Burger King actually used similar marketing tactics back in 2017. The campaign was designed to activate Google Home devices to talk about the Whopper burger so their ad didn’t have to.

The New York Times called it “the latest example of marketers entering the living room.”

The Google Home device’s definition of the Whopper was taken from Wikipedia – and of course, anyone can change the content on Wikipedia! So people had some fun, changing the ingredients to all kinds of weird things, including a “medium sized child” … ?

This drew lots of attention to the BK brand and their product. So innovative, but so annoying!

We’re big fans of Burger King’s original marketing tactics. There’s more about their social media marketing in this blog if you fancy taking a look at more cool stuff they’ve done!

Instagram confirmed it’s testing a full-screen stories display

In our May edition, we mentioned that Instagram was testing a double Story layout with some users.

These same users are now seeing a prompt below their double Story banner to ‘see all Stories’. When selected, a full page of Stories is visible in a grid layout.

It’s another step towards Stories being the main way of sharing content with your audience. It’ll be interesting to see how this change informs Instagram marketing when it’s more widely released.

Do you post more on your Story or your feed?

New fundraisers on Instagram

Instagram is making it easier for you to raise money for charity through the app. This month it started trials of personal fundraisers in the US, UK and Ireland on Android, with future plans to roll it out on iOS.

Personal fundraisers work much like the existing fundraising features. Instagram will validate the fundraiser as an eligible cause before it goes live, it will last for 30 days (and can be extended once for another 30 days). Users will be able to contribute towards personal causes through donation stickers.

After Instagram and Facebook announced that fundraisers for Covid-19 achieved more than $100 million across the two platforms since January, as well as a significant amount for racial justice in the last few months, we certainly think there’s demand for this type of feature!

Facebook is testing pages without a ‘like’ button

Is this the end of Facebook page likes?

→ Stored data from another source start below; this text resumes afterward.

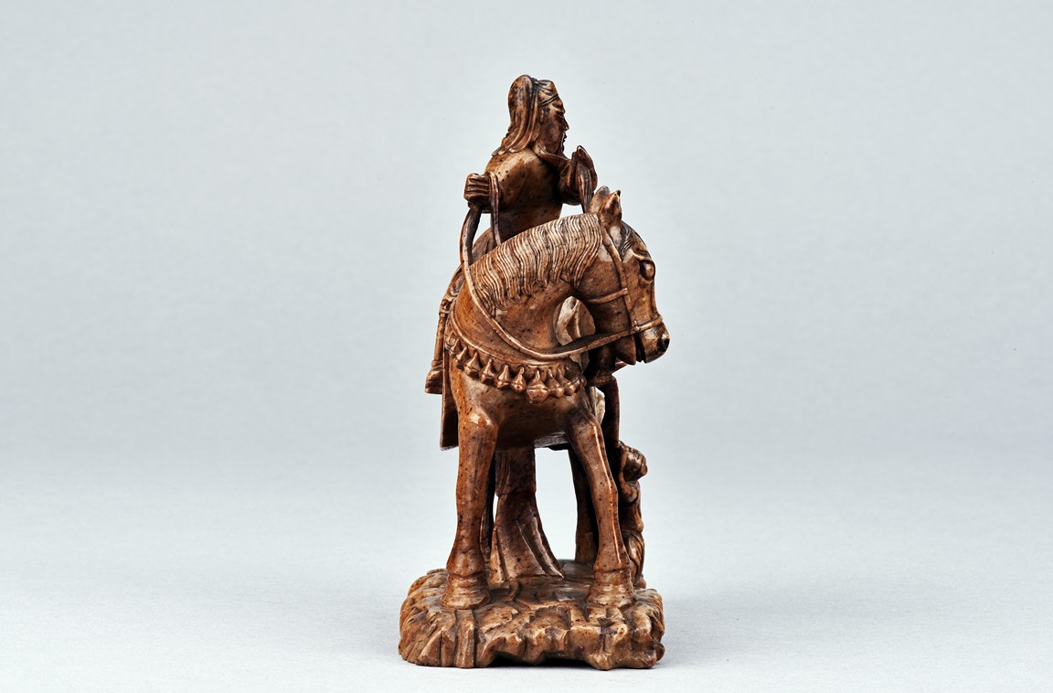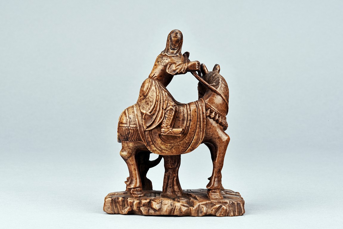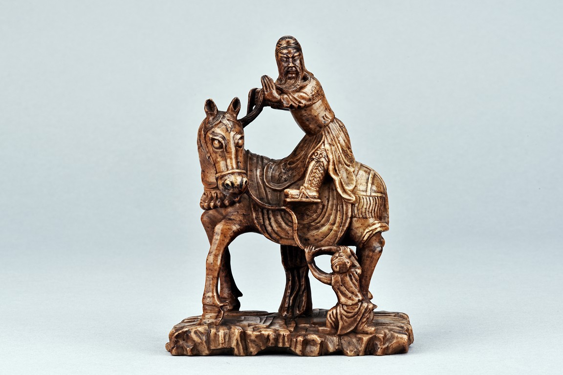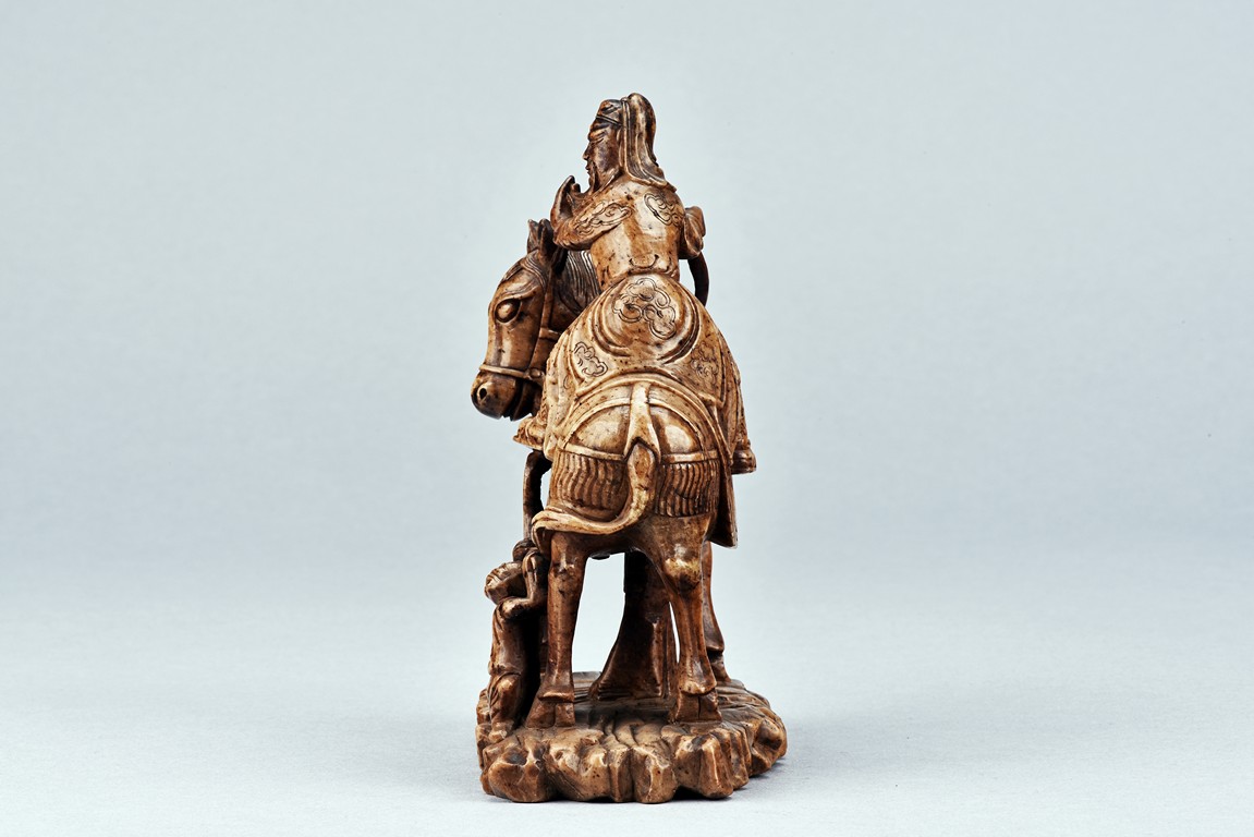 A SHOUSHAN STONE CARVED GUANGONG ON HORSE 壽山石雕關公騎馬
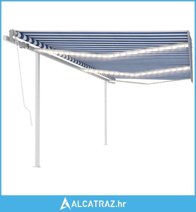 Tenda na ručno uvlačenje s LED svjetlom 6x3 m plavo-bijela - NOVO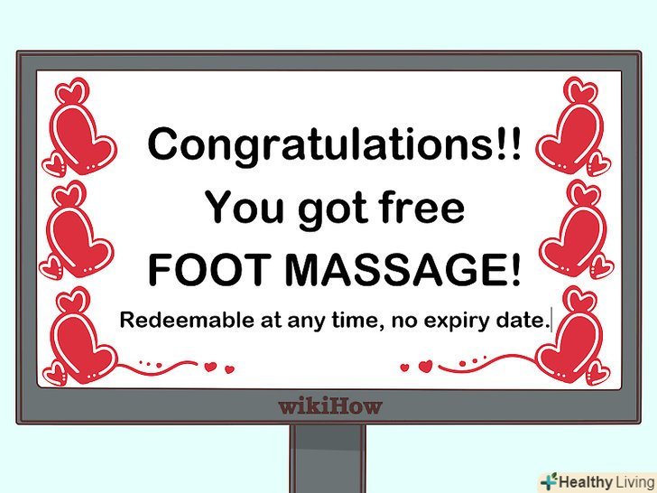 Подаруйте коханій людині подарунковий сертифікат на свої послуги. він може включати в себе масаж ніг, один тиждень готування або миття посуду без будь-яких прохань або обіцянку чогось особливого, що ваша друга половинка завжди хотіла здійснити в ліжку. [3]- Створіть сертифікати самостійно на комп'ютері. Можна використовувати шаблон візитної картки або просто роздрукувати сертифікати і вирізати їх у формі серця. В якості милого штриха напишіть на них:»можна використовувати в будь-який час без терміну придатності".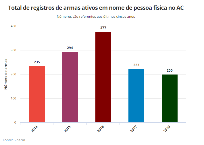 Proporcionalmente, o Acre é o estado com maior taxa de armamento, segundo apontou um levantamento da Folha de São Paulo em parceria com o Sistema Nacional de Armas (Sinarm), da Polícia Federal. De acordo com os dados, de 2014 a 2018, 4.933 pessoas tiraram registro para possuir uma arma.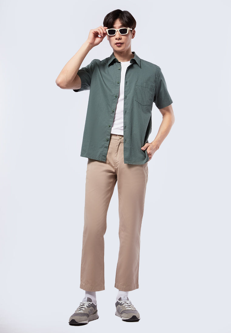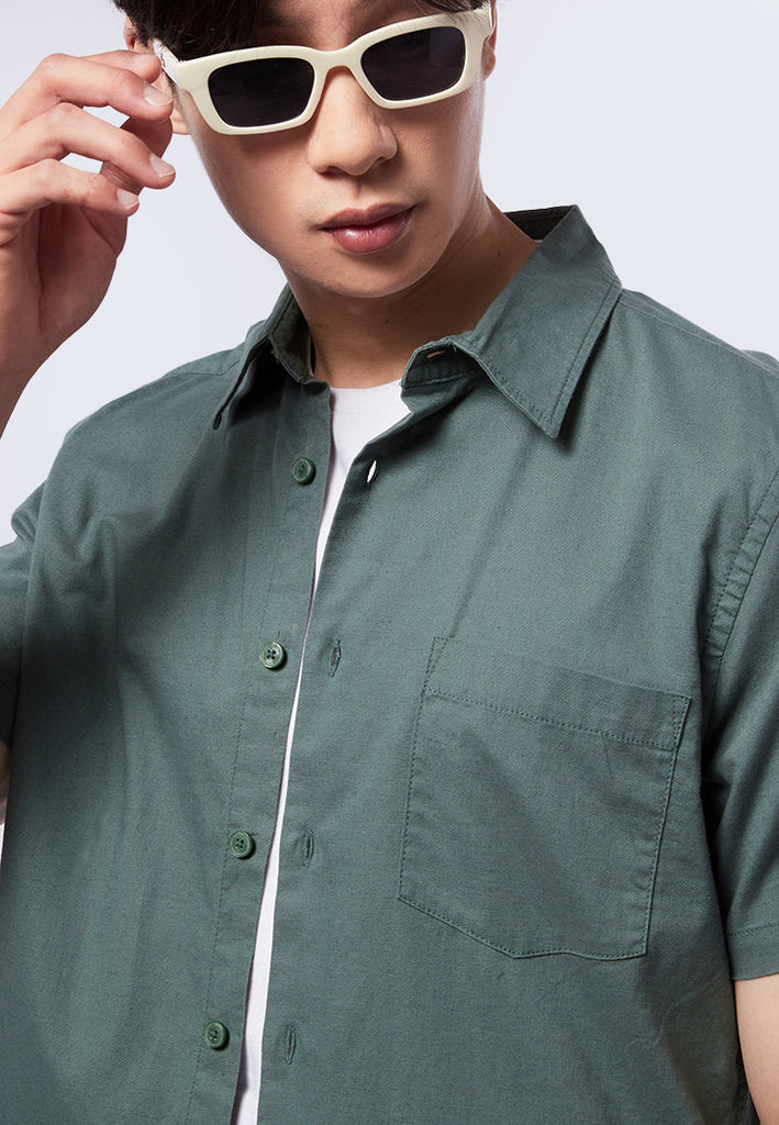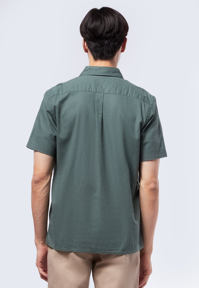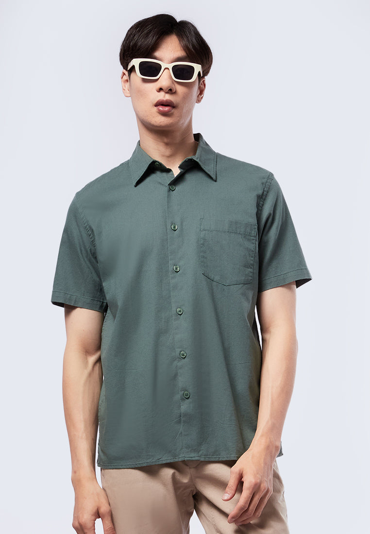 Kemeja lengan pendek, Pointed front pocket, Front button opening, Material: Cotton, Fit: Regular, Color: Dusty Green, Model info: Model Wearing Size 16 for Top, Size 31 for pants, Model Height 184 cm, Bust: 91 cm, Waist: 77 cm, Hips: 97 cm, Art: 1-SSRCRT223J427

Maybe… Facebook is currently testing a new design for pages that come without the option to ‘like’ them.

It’s being tested on a few public figures first, as well as a small percentage of business pages.

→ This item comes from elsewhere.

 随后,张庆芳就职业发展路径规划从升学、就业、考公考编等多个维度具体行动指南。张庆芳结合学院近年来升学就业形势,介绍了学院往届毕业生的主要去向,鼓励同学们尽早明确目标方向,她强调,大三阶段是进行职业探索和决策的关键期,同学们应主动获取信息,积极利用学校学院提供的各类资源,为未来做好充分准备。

Facebook said that the change would be accompanied by other design features that will make pages cleaner and more user friendly.

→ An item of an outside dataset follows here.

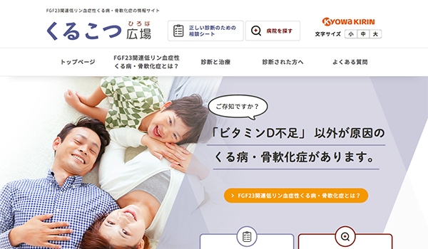 協和キリン株式会社(本社:東京都千代田区、代表取締役社長:宮本 昌志、以下「協和キリン」)は希少疾患である、FGF23関連低リン血症性くる病・骨軟化症※に関する情報を提供する自社Webサイト「くるこつ広場」を開設しましたので、お知らせします。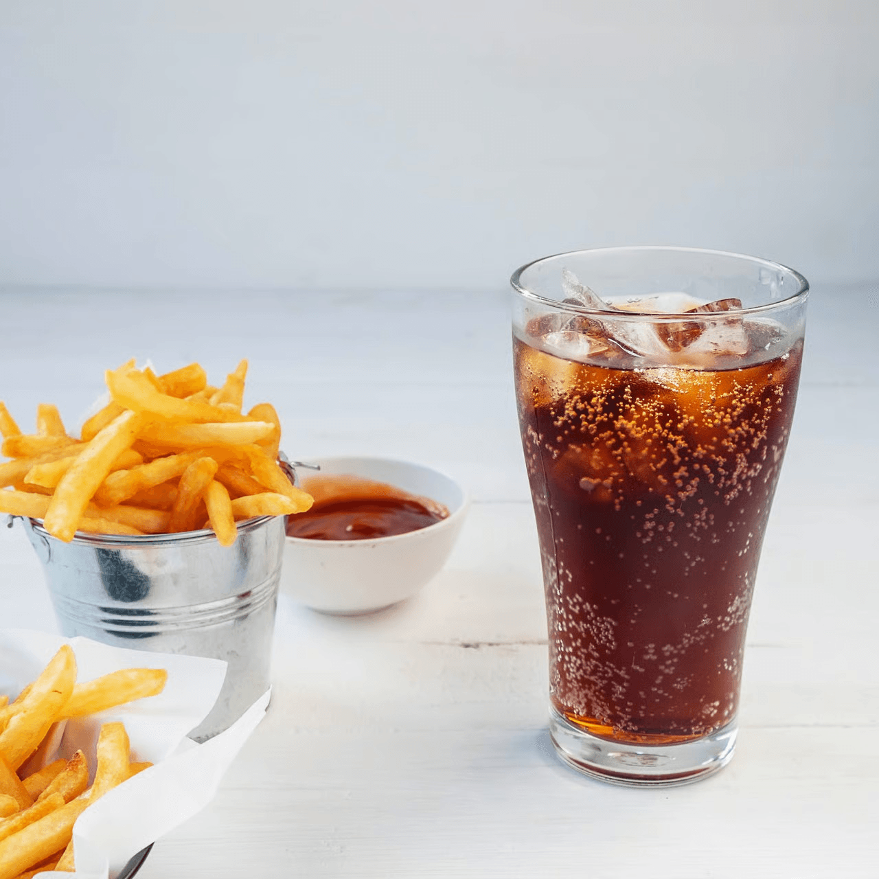 Bag of chips (classic, BBQ & sour cream) and soda can

According to Facebook, pages are particularly important at the moment as more communities have moved online during the pandemic.

Twitter was hacked

On 17th July, cybercriminals managed to hack into Twitter’s internal systems and infiltrate several verified Twitter accounts with large followings. The accounts impacted included Apple, Kim Kardashian, Kanye West, Barak Obama, Wiz Khalifa and Floyd Mayweather.

All of these accounts, as well as various others, were used to Tweet the same message as part of a Bitcoin scam.


Those affected lost control of their accounts and it’s thought that the hackers were able to do this by accessing administration privileges, which meant they didn’t need passwords for individual accounts.

The BBC reported that the attack was the biggest privacy violation Twitter has ever had and the FBI is investigating.

Other reports have suggested that it’s “highly likely” the hackers had access to private messages, raising concerns of extortion, not to mention the obvious data security concerns for all Twitter users.

Will you be trusting Twitter with your personal details again?

Junk food ads ban

You might have heard that in the last few days, the government has rolled out a ban on junk food adverts.

Unsurprisingly, junk food manufacturers aren’t too keen on the idea, but we’re excited to see the creativity and innovation that’s bound to emerge out of this situation.